* **Requirement**
For the data below, retype word for word the lines from the one containing "Ventana de aluminio" through the one containing "برنامه هفتگی نیمسال"; drop the pictures.
#### Information shown ####
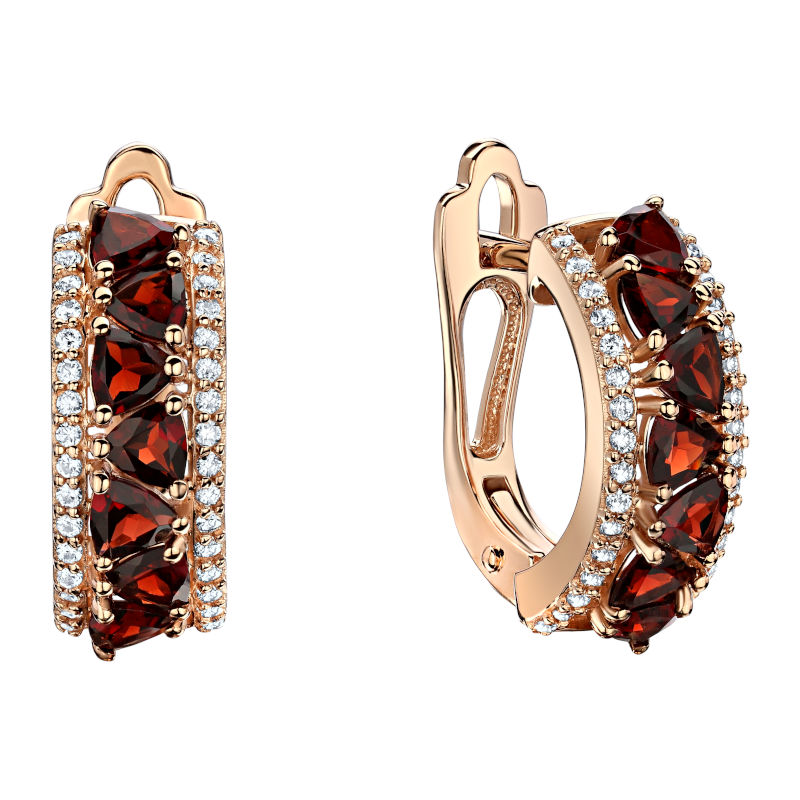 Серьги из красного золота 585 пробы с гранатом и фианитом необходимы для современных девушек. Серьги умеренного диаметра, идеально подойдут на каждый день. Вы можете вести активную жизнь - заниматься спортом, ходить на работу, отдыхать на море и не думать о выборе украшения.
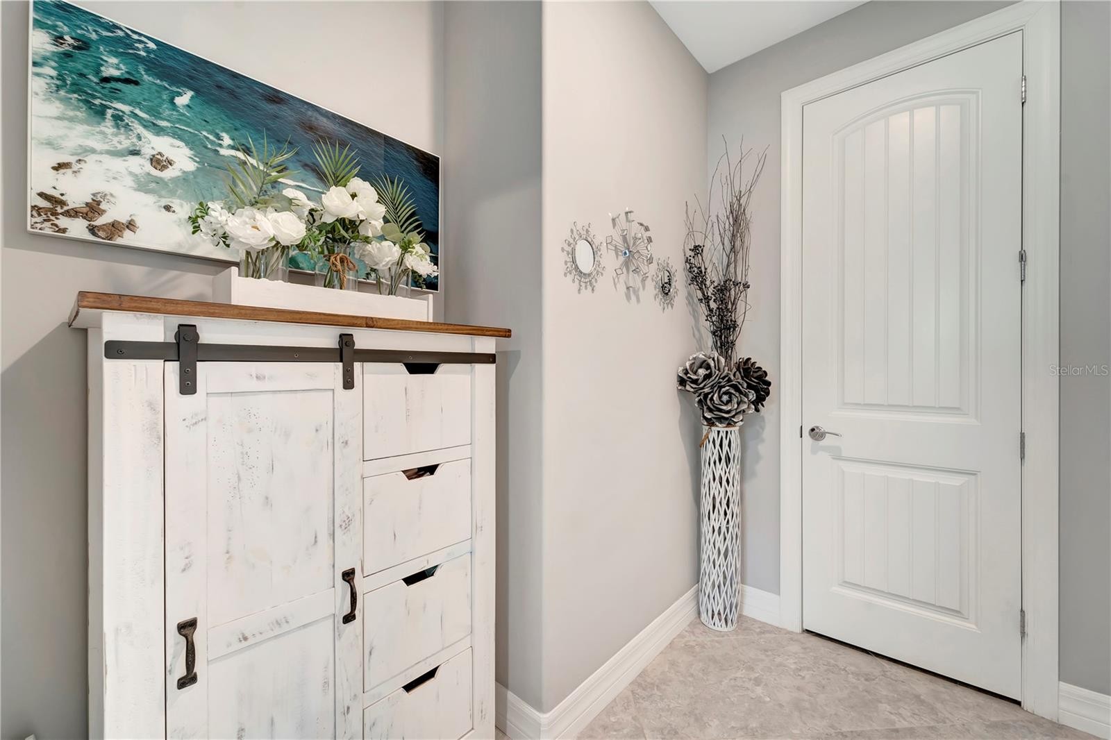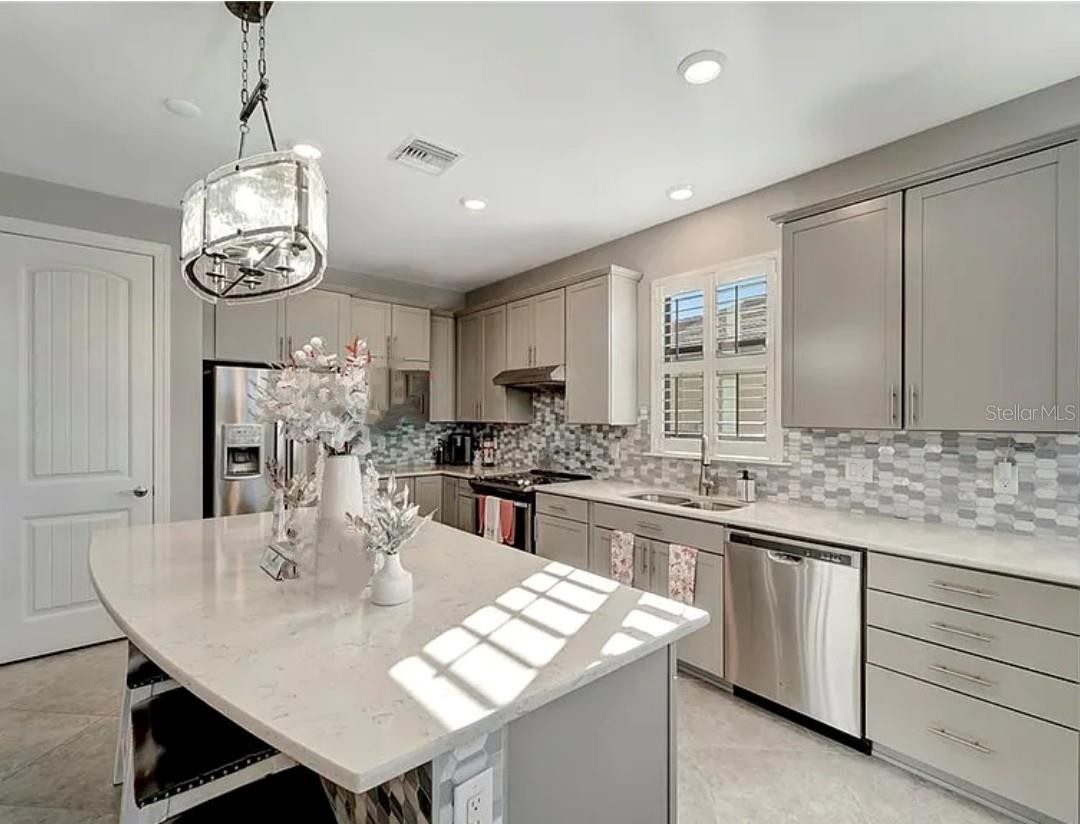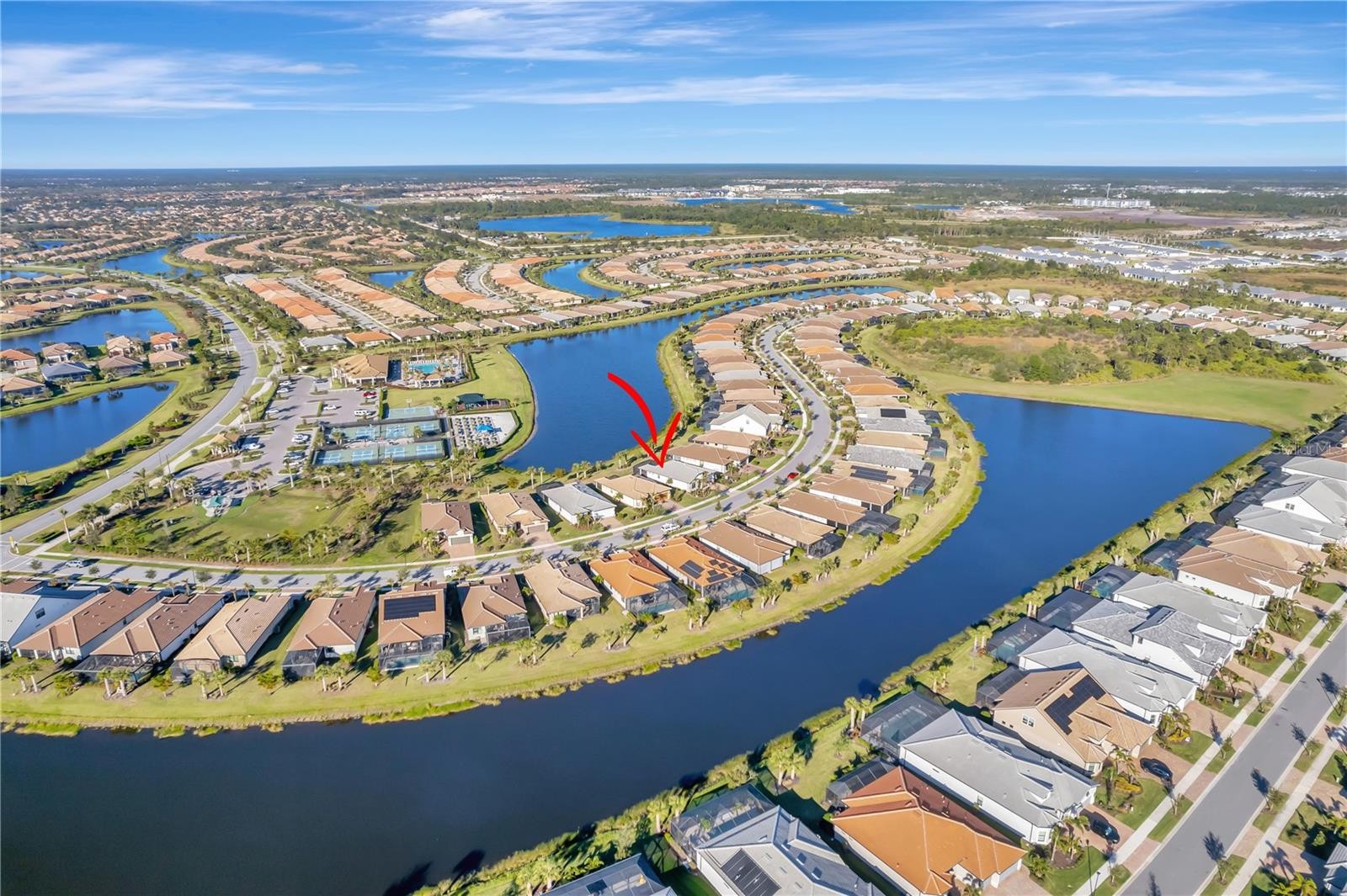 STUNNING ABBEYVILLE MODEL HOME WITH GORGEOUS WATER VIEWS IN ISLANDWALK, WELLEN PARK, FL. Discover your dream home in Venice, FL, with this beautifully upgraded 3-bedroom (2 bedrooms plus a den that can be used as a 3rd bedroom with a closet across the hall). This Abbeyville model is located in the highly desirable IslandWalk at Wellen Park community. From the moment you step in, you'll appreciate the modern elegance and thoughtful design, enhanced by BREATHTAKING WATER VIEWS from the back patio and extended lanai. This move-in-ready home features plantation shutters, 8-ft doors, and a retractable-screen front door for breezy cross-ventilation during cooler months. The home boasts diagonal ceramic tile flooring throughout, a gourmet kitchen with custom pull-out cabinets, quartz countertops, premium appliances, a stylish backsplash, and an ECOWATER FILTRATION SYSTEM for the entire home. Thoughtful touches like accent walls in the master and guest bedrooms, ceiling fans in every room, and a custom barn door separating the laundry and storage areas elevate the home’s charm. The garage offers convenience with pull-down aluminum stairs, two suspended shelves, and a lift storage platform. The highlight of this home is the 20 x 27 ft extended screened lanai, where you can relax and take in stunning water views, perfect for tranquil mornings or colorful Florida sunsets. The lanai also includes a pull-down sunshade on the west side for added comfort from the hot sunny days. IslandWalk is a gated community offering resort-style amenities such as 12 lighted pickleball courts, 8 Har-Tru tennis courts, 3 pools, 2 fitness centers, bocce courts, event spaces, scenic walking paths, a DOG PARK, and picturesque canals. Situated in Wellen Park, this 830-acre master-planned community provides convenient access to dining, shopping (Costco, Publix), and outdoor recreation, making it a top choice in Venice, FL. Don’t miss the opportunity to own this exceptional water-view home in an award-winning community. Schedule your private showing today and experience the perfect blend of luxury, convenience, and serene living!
####
#### Information shown ####
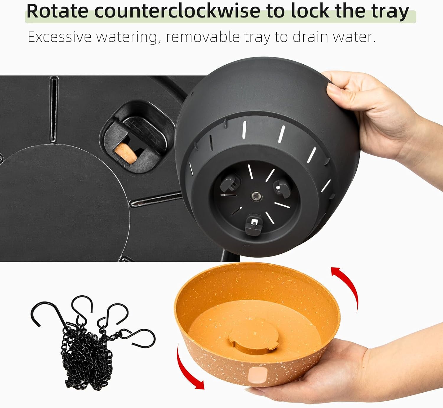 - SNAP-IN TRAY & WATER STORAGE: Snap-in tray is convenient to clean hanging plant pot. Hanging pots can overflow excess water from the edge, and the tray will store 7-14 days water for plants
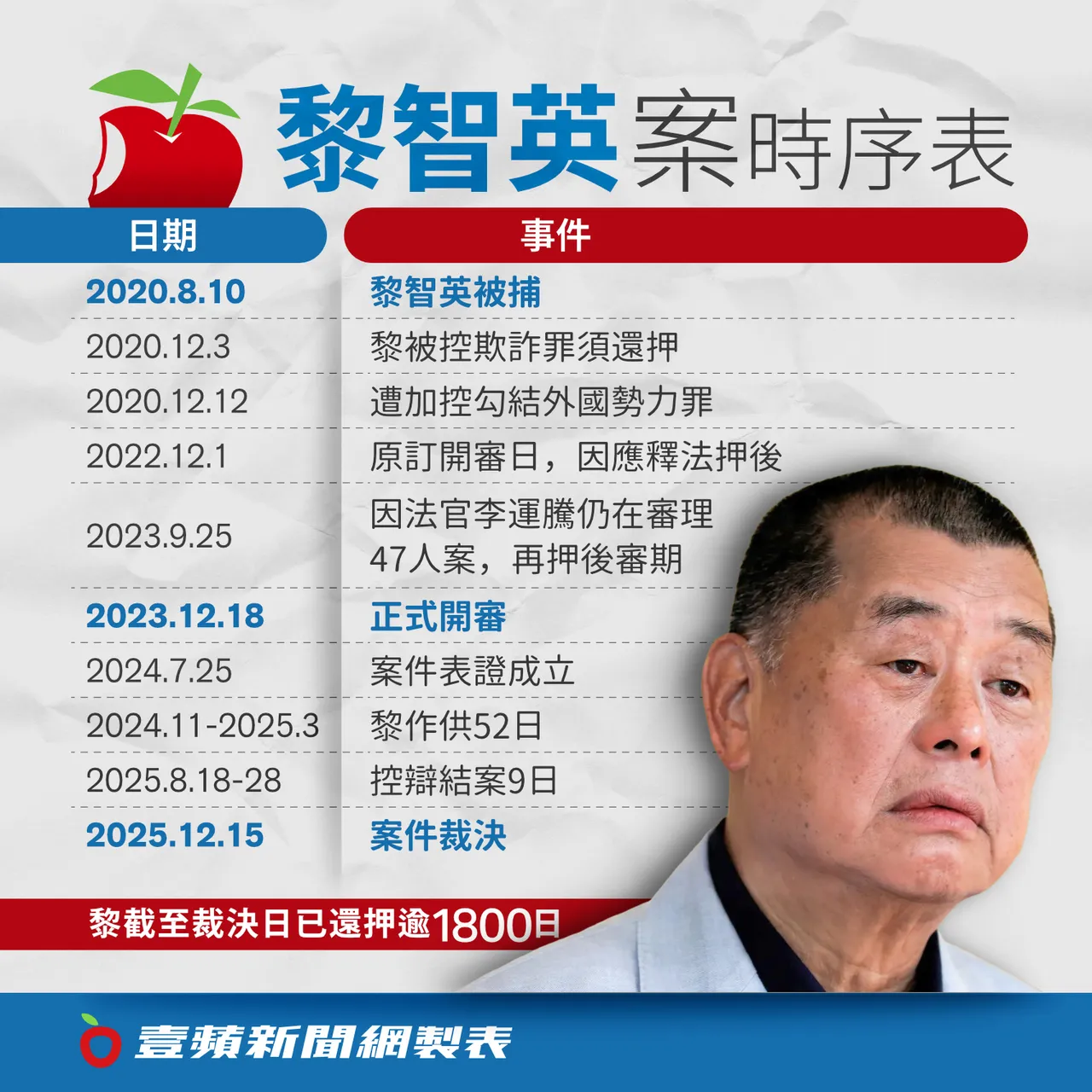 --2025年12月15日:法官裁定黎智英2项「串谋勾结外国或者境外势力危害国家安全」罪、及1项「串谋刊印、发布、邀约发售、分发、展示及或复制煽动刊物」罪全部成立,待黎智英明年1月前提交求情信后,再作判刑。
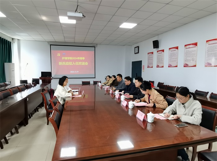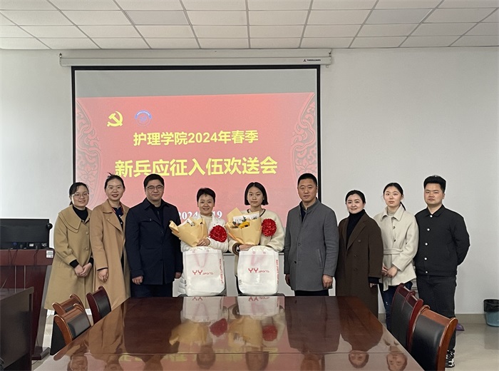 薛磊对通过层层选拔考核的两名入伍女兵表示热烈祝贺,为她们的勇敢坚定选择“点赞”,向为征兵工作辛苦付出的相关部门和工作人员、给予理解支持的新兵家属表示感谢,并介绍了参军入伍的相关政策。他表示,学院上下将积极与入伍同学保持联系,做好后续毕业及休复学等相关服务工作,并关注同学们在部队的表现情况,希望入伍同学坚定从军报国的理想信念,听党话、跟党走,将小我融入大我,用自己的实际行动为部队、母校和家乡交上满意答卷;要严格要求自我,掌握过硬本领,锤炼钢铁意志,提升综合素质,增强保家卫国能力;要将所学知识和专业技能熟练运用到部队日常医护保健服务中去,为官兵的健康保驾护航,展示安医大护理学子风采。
####
#### Information shown ####
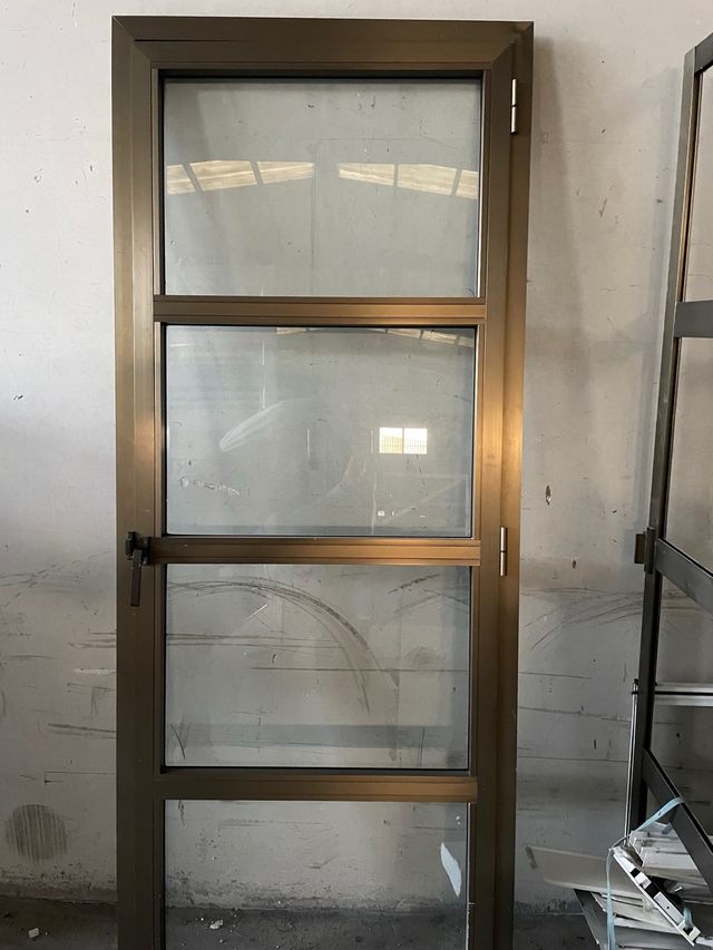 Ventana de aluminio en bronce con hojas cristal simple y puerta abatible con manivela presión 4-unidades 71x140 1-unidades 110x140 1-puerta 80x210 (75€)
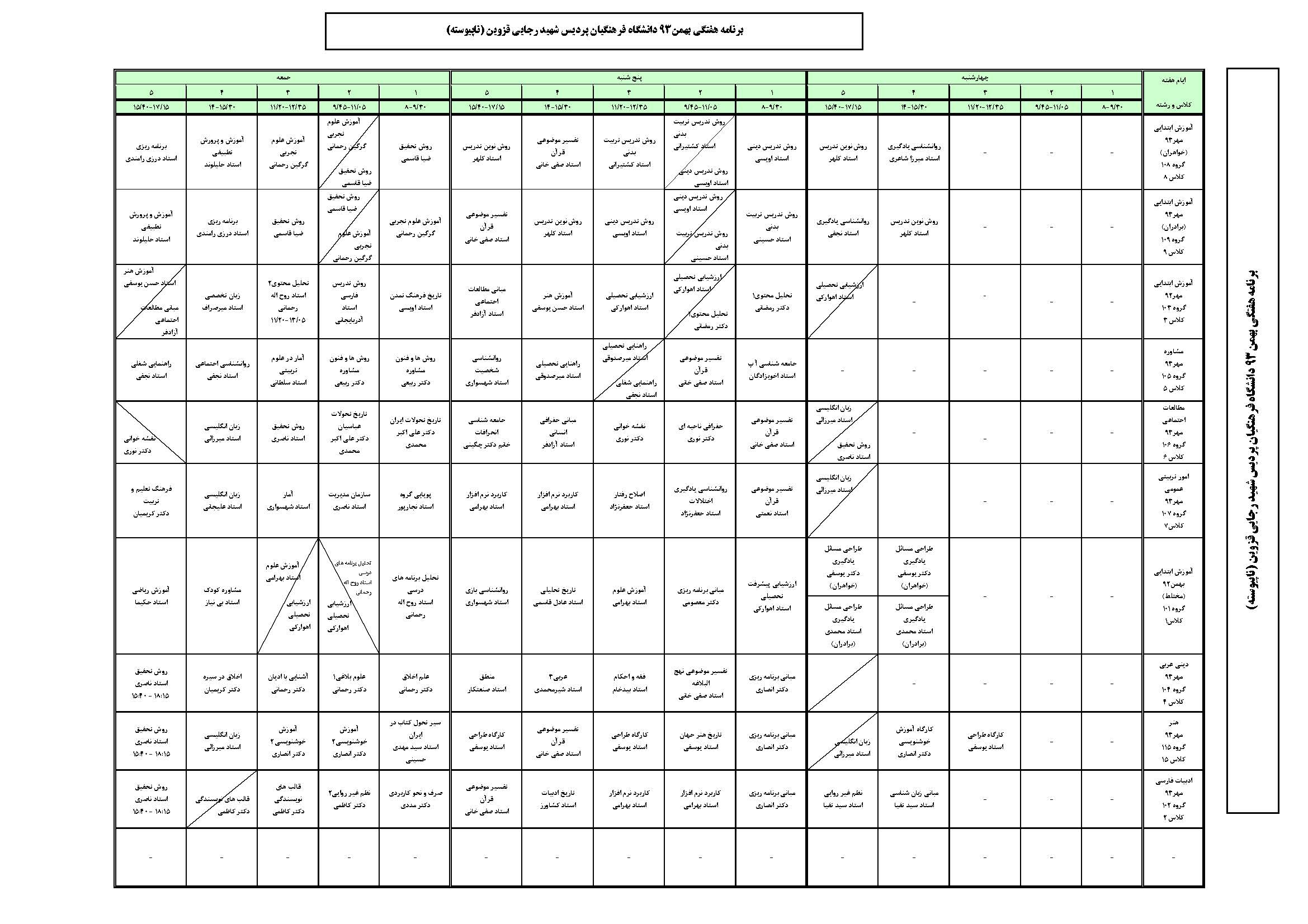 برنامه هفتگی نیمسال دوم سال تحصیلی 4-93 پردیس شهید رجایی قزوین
####
* **Solution for this exercise**
 Ventana de aluminio en bronce con hojas cristal simple y puerta abatible con manivela presión 4-unidades 71x140 1-unidades 110x140 1-puerta 80x210 (75€)
 برنامه هفتگی نیمسال دوم سال تحصیلی 4-93 پردیس شهید رجایی قزوین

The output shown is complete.